With more talk of refinancing options, many homeowners find enticing offers from lenders to be quite attractive. Although refinancing your mortgage may help lower your monthly mortgage payment, it is proactive solution. In other words, refinancing is not a viable option for anyone who is already having financial problems or missed a mortgage payment. Refinancing takes good credit and payment history, something that is tarnished once a payment has been missed.
As one of the most notable foreclosure alternatives, loan modifications are not highly advertised by lenders. In fact, most homeowners have to explicitly request one in order to even be considered. While this option may be able to lower monthly payments and help a homeowner get caught up on missed payments, not everyone will qualify. Modifications also carry high credit requirements and may be denied if you have already missed a payment. Requesting a modification before default is generally the best strategy.

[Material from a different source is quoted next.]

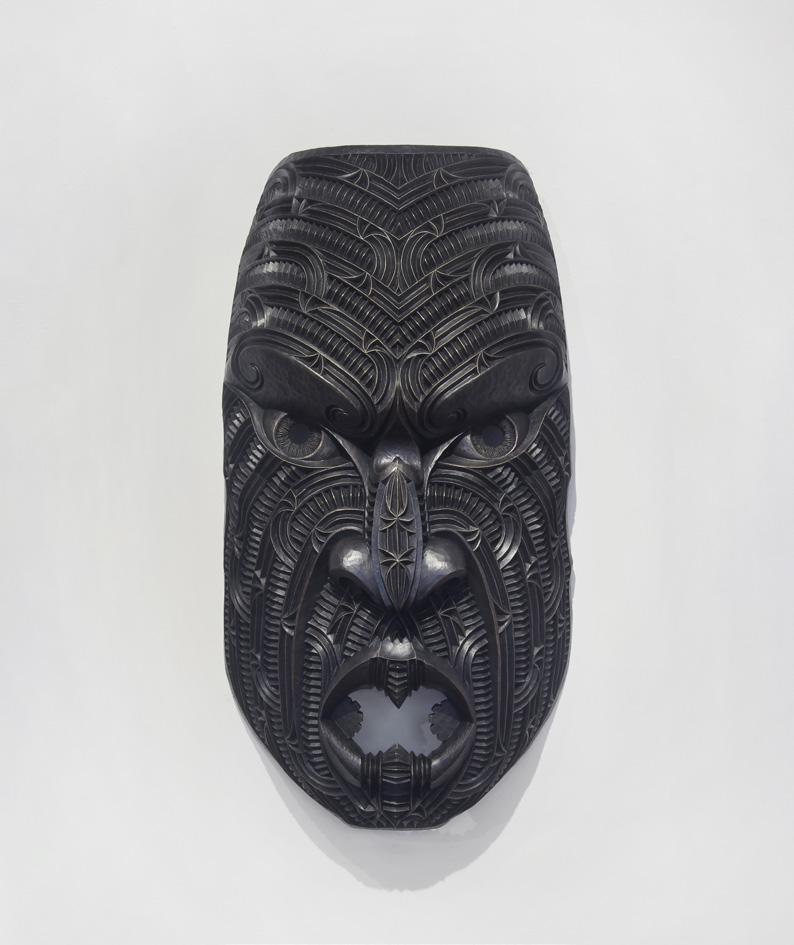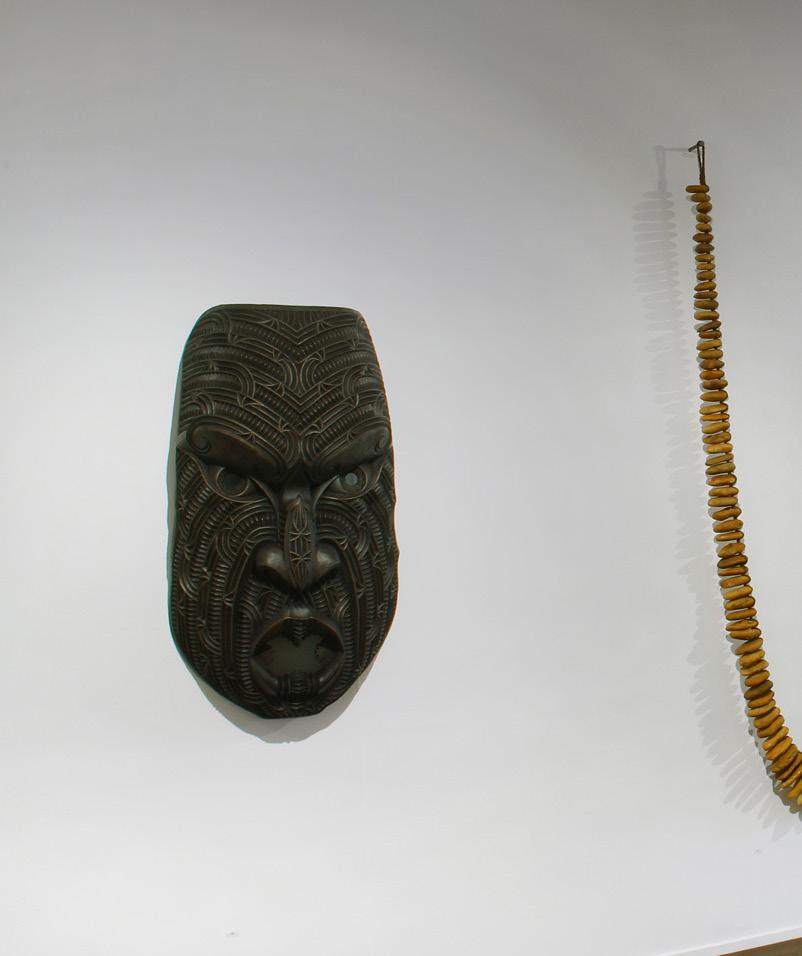 Also a very accomplished stone sculptor, Anton Forde’s acute sympathy for that material is amply represented in his very particular use of rare black pounamu. Delivered with remarkable restraint and tenderness, Forde builds an engaging visual metaphor of a teardrop form while into the surface of pounamu he has carved the Southern Cross. A roimata is a teardrop often linked with rain. The black of the stone reminds us at night the Southern Cross formation is seen. It was of pivotal importance for navigation and where the anchor for the celestial canoe was located.

Short Sales And Deed In Lieu
While a short sale and deed in lieu can prevent a foreclosure, you will be required to forfeit the home. In general, a short sale can help you absolve your mortgage debt liability while minimizing credit damage and future lending problems. However, the process can be long and tedious. A deed in lieu is typically not recommended until all other mortgage debt solutions have been attempted as they provide foreclosure relief but at a greater credit expense than other options.